"Each step forward has a sacred meaning of its own"   Sri Chinmoy

Cheerfulness 2 Mile Race - Sri Chinmoy Virtual Grand Prix - Dec 2022 - Filton

Ah, virtual racing, those were the days! Well I did get fond of it in lockdown, as you pretty much had no choice but to embrace whatever was on offer and learn to love it, but I was so glad to get back to real racing when the time came. I stepped back into the virtual race world this time because Suswara told me he had signed up for our virtual Grand Prix series across Christmas 2022 / New Year 2023, as part of his long march back from injury. I could see he was taking great strides (in both senses) and I knew I had to keep up the speedwork in preparation for Christmas Trip races in January/February, so I got myself entered for the December 26 race, entitled "Cheerfulness".

Back in the peak covid times I tried several 2-mile courses, starting with Aztec West (no tight bends, but a slight slope), Hatchet Road (again a nice smooth course but kicks up at the turnaround), Bitton (perfectly flat but requires a 180 turn around an imaginary cone) and finally Horizon 38. That last one is a business park on the A38, with a roughly square course of around 900m and a convenient start line roughly one mile from my house. It even has a Costa Coffee across the road so it ticks all the boxes! So for this return to virtual running, I headed up there in the dark, via the long way round on Gypsy Patch Lane, to bring me to the start line with 2.5 miles of jogging and strides in my legs. Daylight was just breaking, the clouds dispersing over the old runway of Filton Airfield and the overhead electrics newly installed on the railway outlined against the horizon.
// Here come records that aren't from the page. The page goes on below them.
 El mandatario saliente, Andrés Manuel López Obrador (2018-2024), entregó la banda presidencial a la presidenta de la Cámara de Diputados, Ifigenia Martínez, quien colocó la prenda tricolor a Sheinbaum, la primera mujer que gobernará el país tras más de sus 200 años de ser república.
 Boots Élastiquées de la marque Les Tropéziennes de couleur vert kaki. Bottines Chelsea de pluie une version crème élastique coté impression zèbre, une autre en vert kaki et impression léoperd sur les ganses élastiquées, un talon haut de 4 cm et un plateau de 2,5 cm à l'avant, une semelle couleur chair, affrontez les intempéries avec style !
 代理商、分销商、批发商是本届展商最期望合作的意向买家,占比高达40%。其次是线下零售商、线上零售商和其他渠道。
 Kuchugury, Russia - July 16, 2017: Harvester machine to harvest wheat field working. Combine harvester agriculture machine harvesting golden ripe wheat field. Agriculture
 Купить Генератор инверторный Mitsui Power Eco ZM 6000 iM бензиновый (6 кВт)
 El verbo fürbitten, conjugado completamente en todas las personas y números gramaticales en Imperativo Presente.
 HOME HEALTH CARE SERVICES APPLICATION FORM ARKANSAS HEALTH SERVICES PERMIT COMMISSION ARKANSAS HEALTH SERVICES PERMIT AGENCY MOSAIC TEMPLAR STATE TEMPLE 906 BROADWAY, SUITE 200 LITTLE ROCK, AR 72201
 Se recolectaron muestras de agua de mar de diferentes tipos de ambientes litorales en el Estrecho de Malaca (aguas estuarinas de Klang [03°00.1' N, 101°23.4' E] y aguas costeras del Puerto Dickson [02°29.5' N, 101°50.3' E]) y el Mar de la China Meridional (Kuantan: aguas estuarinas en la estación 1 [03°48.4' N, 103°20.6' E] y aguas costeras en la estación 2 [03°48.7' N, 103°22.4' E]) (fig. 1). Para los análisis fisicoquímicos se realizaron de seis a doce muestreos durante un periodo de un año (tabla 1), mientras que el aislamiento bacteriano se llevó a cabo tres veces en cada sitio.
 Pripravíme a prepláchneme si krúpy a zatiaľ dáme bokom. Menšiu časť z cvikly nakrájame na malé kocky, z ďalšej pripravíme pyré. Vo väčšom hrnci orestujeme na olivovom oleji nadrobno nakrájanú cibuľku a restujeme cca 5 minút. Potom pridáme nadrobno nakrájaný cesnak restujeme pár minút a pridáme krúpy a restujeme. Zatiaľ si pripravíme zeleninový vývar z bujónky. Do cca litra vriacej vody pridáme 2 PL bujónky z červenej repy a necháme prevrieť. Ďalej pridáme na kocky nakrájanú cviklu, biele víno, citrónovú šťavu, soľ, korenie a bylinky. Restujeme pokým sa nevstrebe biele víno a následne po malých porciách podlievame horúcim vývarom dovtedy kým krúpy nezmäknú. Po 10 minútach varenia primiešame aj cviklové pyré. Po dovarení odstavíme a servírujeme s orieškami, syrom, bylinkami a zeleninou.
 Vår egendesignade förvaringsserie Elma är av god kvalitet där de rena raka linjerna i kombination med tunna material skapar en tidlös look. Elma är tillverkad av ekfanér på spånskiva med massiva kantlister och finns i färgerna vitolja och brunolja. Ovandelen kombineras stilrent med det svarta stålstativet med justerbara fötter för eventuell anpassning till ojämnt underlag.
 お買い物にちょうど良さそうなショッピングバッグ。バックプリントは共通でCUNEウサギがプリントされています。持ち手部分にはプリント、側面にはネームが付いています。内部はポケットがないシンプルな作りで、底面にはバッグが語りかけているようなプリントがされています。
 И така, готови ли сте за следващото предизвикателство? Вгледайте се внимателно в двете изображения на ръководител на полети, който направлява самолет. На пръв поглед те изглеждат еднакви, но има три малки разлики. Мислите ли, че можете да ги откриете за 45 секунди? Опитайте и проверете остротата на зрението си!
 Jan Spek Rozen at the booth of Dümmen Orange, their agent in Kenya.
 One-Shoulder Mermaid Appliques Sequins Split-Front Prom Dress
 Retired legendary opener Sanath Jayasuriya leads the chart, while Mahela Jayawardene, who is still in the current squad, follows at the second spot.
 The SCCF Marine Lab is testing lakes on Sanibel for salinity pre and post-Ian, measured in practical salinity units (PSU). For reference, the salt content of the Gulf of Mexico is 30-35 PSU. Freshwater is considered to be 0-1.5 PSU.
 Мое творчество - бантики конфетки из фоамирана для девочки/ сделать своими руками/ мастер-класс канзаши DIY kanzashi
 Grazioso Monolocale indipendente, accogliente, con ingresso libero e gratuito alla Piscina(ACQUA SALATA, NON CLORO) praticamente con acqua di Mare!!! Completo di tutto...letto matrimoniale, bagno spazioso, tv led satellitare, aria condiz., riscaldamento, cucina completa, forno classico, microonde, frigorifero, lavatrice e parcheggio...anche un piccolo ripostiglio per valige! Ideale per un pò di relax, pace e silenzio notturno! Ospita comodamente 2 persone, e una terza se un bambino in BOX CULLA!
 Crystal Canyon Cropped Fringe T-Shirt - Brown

Horizon 38 is usually pretty deserted at the weekend (and this time it was a Christmas eve and a Saturday) but there was one guy parked right on my imaginary start line, trying to keep warm in his car. Suswara had told me there was a now a security bloke there, who had challenged him about why he was running up and down the same roads in the business park on the previous weekend, so perhaps that's why he ignored me doing my strides, taking off my fleece hoodie to hang it in the tree then pausing in silence ready for my solo start.

I went off too fast, as you do, then settled into a rhythm by the time I'd taken the first bend. A week ago I had run an intense fell race and my quads still felt it, so I was telling myself not to expect too much and just to run hard but not right to the limit. I felt like I had done the first couple of hundred metres at my absolute max pace and then slowed to something more sane! As I came up to the right angle bend on a slight downslope on to Gypsy Patch lane I was happy to see liquid puddles (meaning there was no ice) and I had to take the bend very wide to stay well balanced. I realised then I was going quick by my standards. Further round the loop my watch flashed up my half mile time at around 3.02. Surely not? Well maybe I really had gone off too fast. My legs felt good and the rest of me was coping, but only just.

Into lap 2 I tried to concentrate on keeping my speed up, everything working at max effort but feeling pretty smooth nonetheless. The mind was battling with doubts, thoughts that I was going too hard and likely to get injured or feel run down afterwards, doing myself more harm than good, but that is all classic mental stuff that assails you in any race. Perhaps it hits you harder in a solo run though, when the race is virtual. After all, when you're surrounded by others all working equally hard it feels normal and your mind has less ammunition when it wants to slow you down. Alone on the road you are a bit of an outlier and an easy target for negative thoughts.

The half way mark came round and again my watch flashed up something not much over 3 minutes, so although I had been finding it harder work I had managed to keep up the pace. The third half mile felt long, as if the loop around the business park had expanded mysteriously. Again I felt as if I was slowing and again the watch told me otherwise - although I was scrupulously avoiding even a glance at my pace or heart rate, I did still look when it flashed up the third half mile which again was around 3.03. So, now I was on for a good time by my standards, probably an improvement on the 12:21 I ran in Skopje. That meant I had a little mental war going on between having to go for it and run hard in the last half mile to take that opportunity vs sticking with plan A, which was not to run too hard as I still wasn't fully recovered from the hills.

In the end the chatter faded into the distance and my body just ran, I crossed the line and pressed the button at 12:11 with 10 seconds knocked off my SB and the realisation dawning that my long pilgrimage towards a sub-12 time might be successful. Checking out the lap times later the garmin actually had my 2 miles down as 12:06 which was even more encouraging.